Still, San Francisco officials believe the change would be far less beneficial than the current regime. In a statement, the SFPUC said PG&E appeared to have attempted to make its electricity wholesale terms “so uneconomical or physically impracticable that customers will be forced to use PG&E retail services”.

Even if CleanPowerSF provided power to street lights, much of the revenue from the electricity bill would go to PG&E – unlike the current setup, where the city controls that infrastructure and invests the bill proceeds back into the system, the SFPUC said.

The dispute began in September when PG&E petitioned the Federal Energy Regulatory Commission to revise the tariffs and terms for wholesale electricity services that San Francisco and other public utility customers receive from the company.

In accordance with the regulator’s process, the changes proposed by PG&E took effect immediately, subject to later refunds if regulators override the company. San Francisco and several other major electricity customers have protested the changes in front of the agency, but the issues could take a year or more to resolve, the city says.

PG&E says the changes being sought are the first revisions to wholesale distribution tariffs since 2013. It claims San Francisco and other customers subject to these tariffs have not paid their fair share, forcing other customers, including households and businesses, to source retail power from PG&E to make up the difference. PG & E’s plan brings wholesale customers in line with current costs and provides a formula for future changes, the company said.

San Francisco officials say one of the major changes could force city facilities to connect to corporate infrastructure at the more expensive primary voltage level, rather than the less expensive secondary voltage level the city now has in more than 2,000 locations.

The change would apply to all new projects when the city connects its equipment to PG & Es, as well as to the existing urban infrastructure when it is upgraded. City officials say primary connections require a lot more electrical equipment compared to secondary connections, which can add hundreds of thousands of dollars in price and take up significantly more space.

Robison, the PG&E spokeswoman, said the switch to primary voltage service at all locations was “appropriate for utility-to-utility connections.” San Francisco is one of only two government agencies receiving secondary voltage services from PG&E, and the other, the Western Area Power Administration, has an agreement with the company that allows secondary service to continue through 2024, Robison said.
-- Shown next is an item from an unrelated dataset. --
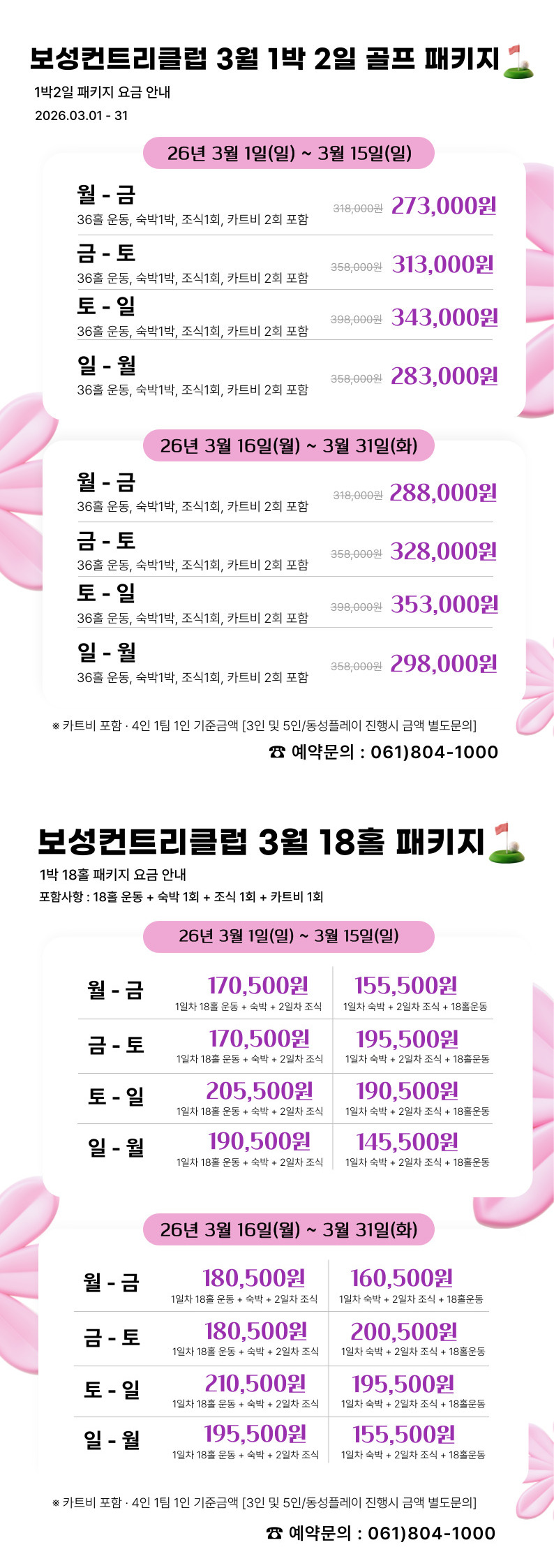 3월 1박2일 · 1박18홀 골프 패키지 이벤트

“I think it’s also important to keep in mind that as PG&E moves to primary voltage connections, it is moving towards industry standards, followed by nationwide utilities,” Robison said in her email. “Primary connections improve the safe and reliable operation of any utility’s systems and facilities by making it easier to keep track of equipment ownership and isolating it for emergency repairs and other maintenance and service issues.”
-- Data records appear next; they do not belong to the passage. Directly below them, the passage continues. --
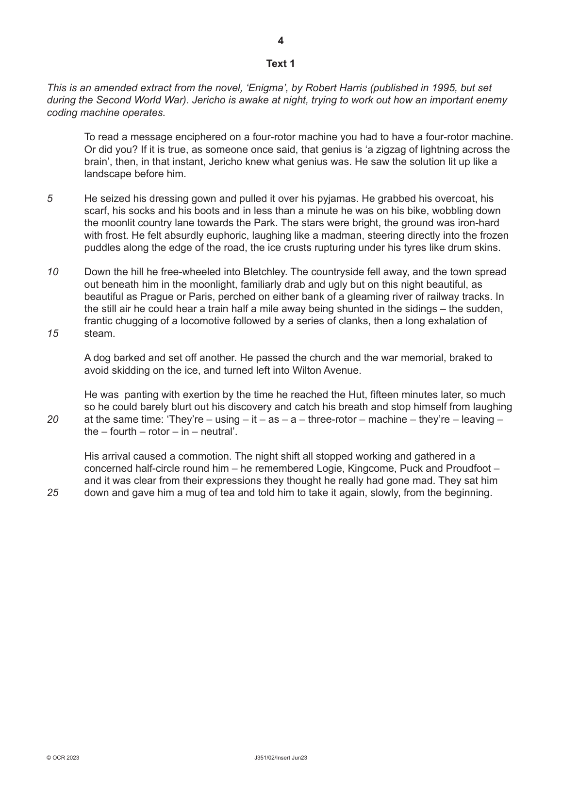 OCR GCSE ENGLISH LANGUAGE INSERT PAPER 2 2023 (J351/02)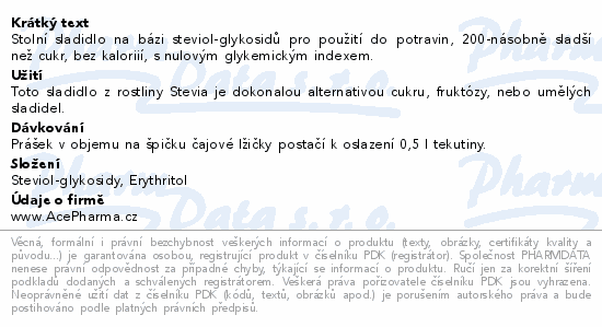 Stolní sladidlo na bázi steviol-glykosidů pro použití do potravin, 200-násobně sladší než cukr, bez kaloriií, s nulovým glykemickým indexem.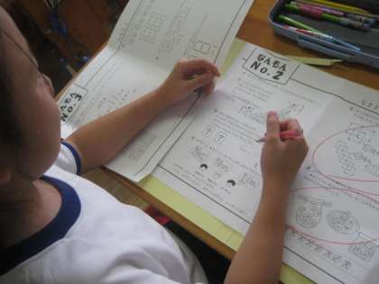 2年生が、ちょっと難易度の高い問題に挑戦していました。学習したことをどう使うか、頭をひねって挑戦です。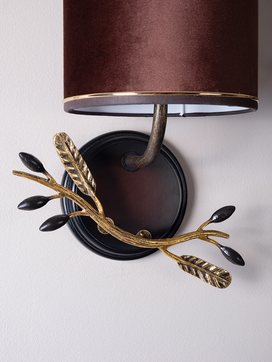 Светильник настенный Bogacho Oliva Branch левый коричневый с шоколадным абажуром

San Francisco has been skeptical of PG & E’s arguments about the abolition of the secondary voltage service, in part because the city believes PG&E did not fully justify the changes and their potentially dramatic effects.

In any event, both Hale and Herrera, the city attorney, said PG & E’s revisions highlight the need for the city to purchase PG & E’s local electrical infrastructure. But it’s a challenging option to pursue. San Francisco made a $ 2.5 billion offer in 2019 to acquire PG & E’s masts and lines that serve the city, but the proposal was immediately rejected by the company, which said its assets in the city were not for sale and the offer is too low anyway. San Francisco renewed its offering last year, again without success.

Herrera said he hoped PG&E executives “come back to the table” to discuss a purchase in San Francisco, but noted the city had other legal options – he said it was premature to them to discuss – if they don’t.

Michael Wara, director of Stanford University’s climate and energy policy program, said the city could try at any time to use its pre-eminent domain powers to force PG&E to sell its local power system. But it would be a costly endeavor that could drag on for a decade, especially if PG&E resisted.

“That would be a huge undertaking,” said Wara. “If the city really wants that, it can. But it’s not a quick process.”